S-scan images correspond to the spatial distribution of protons (hydrogen nuclei) that determine magnetic resonance properties and are dependent on the MR parameters, including spin-lattice relaxation time (T1), spin-spin relaxation time (T2), nuclei density, flow velocity and "chemical shift". When interpreted by a medical expert trained in the use of MR equipment, the images can provide diagnostically useful information.

Device Description

The system is composed of these main parts:

Patient positioning table.
Magnetic unit with the display panel.
Operating console that consists of the PC unit (including keyboard and mouse), the monitor and the operating table.
Electronics box with filter panel.

AI/ML Overview

The provided text is a 510(k) summary for the S-scan MRI system. It describes the device, its intended use, and technological characteristics compared to predicate devices. However, it does not contain information about acceptance criteria, specific performance studies, sample sizes, expert qualifications, ground truth establishment, or any comparative effectiveness studies (MRMC or standalone AI performance).

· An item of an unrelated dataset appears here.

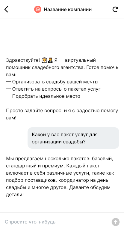 Внедрение настраивается под процессы агентства: пакеты услуг, сроки подготовки, правила бронирования, предоплата, список проверенных подрядчиков, этапы согласования, интеграция с CRM. Бот помогает объяснить путь: бриф → концепция → смета → договор → подготовка → день свадьбы.

The document focuses on demonstrating substantial equivalence to existing MRI systems based on similar technology and intended use, rather than presenting a detailed performance evaluation with specific acceptance criteria as one might expect for a new diagnostic algorithm or AI-powered device.

Therefore, I cannot populate the requested tables and information based on the provided text. The document primarily highlights modifications to an existing G-scan MRI system (K042236) and its similarity to other predicate devices like the E-scan Opera (K060956) and Siemens Magnetom C! (K043030).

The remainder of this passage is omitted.